I've had one hedgie escape, and I found him only an hour or so later in a printer cartridge box, so I don't have much hedgie tracking knowledge. I only found him cause the box was moving from his digging.


----------



## Skullpion (May 9, 2011)

I've lost Oreo once, found him underneath a cabinet where I didn't actually think he'd fit under there. Only reason I found him was because I was still using shavings back then and I saw traces of it. Try to stay calm and maybe you can lift up heavy stuff to look for her? You might have to literally look everywhere. They can go places. XP

*edit
Also, do you have mealworms by any chance? I've found that their scent really attracts most hedgies. Even a strong mealworm scent on something like a wooden stick or something can bait them into coming out? ...so maybe?


----------



## TikiLola (Jun 23, 2011)

I'll be praying...


----------



## DasIgelPoggie (Oct 21, 2010)

Thanks all. Keep praying and sending all the good energy you can.

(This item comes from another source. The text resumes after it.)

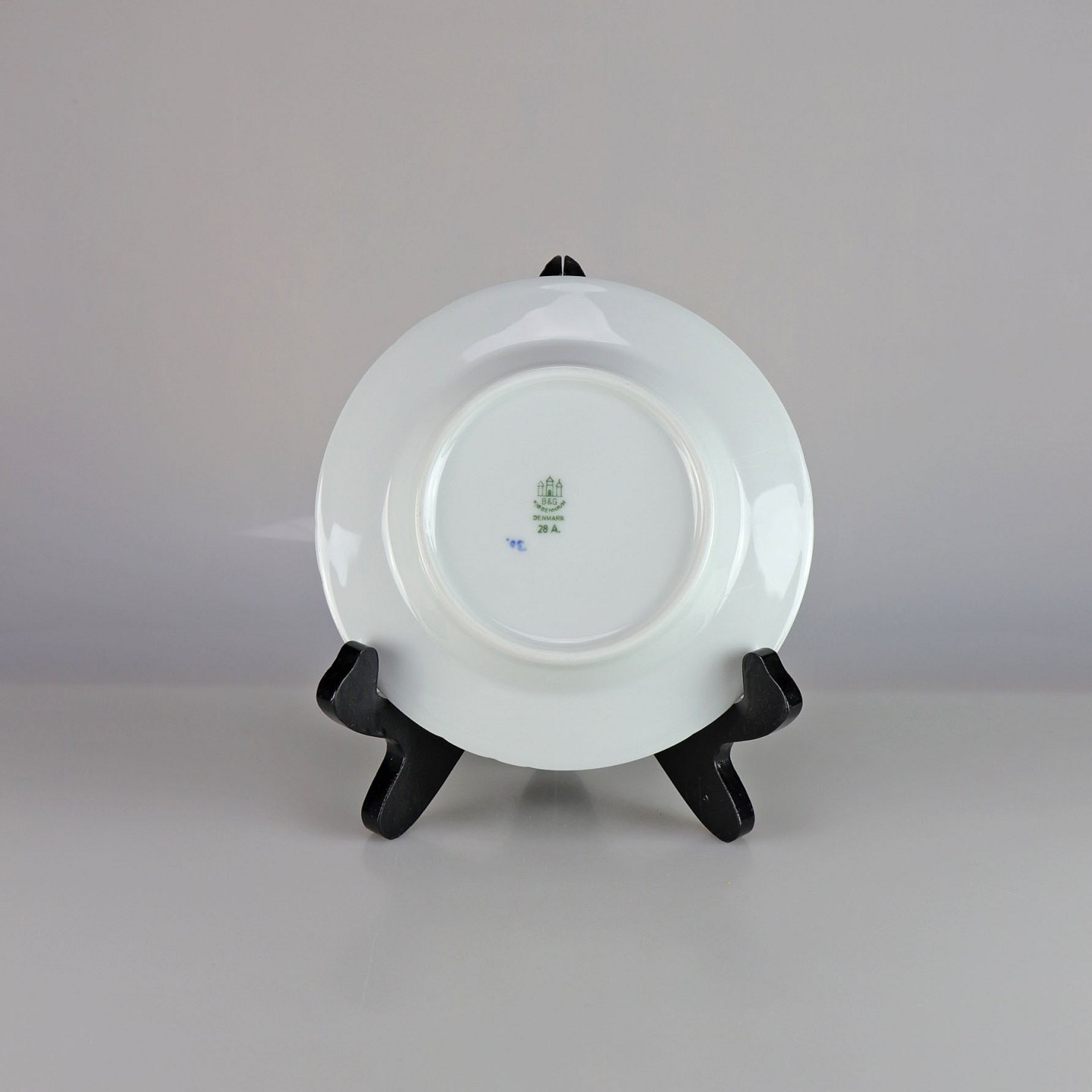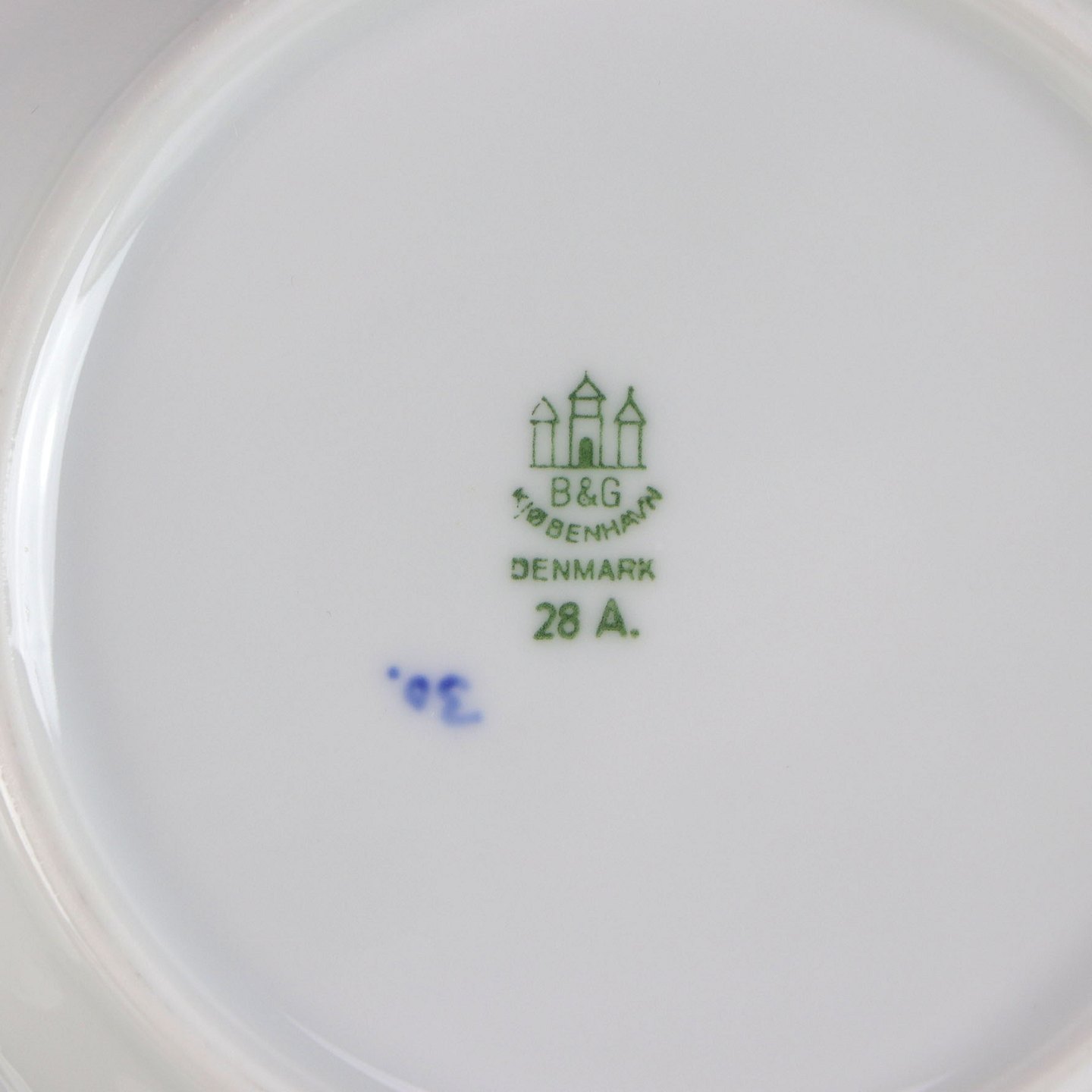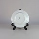 Tallerken i hvidt porcelæn med skelform og motiv af guirlander med blå blomster

I'll be honest, I'm starting to kind of lose hope I'll find her alive, I feel like the biggest piece of $#!+ in the world for not being attentive to my baby. Keep praying and I'll keep searching.


----------



## Skullpion (May 9, 2011)

DasIgelPoggie said:


> Thanks all. Keep praying and sending all the good energy you can. I'll be honest, I'm starting to kind of lose hope I'll find her alive, I feel like the biggest piece of $#!+ in the world for not being attentive to my baby. Keep praying and I'll keep searching.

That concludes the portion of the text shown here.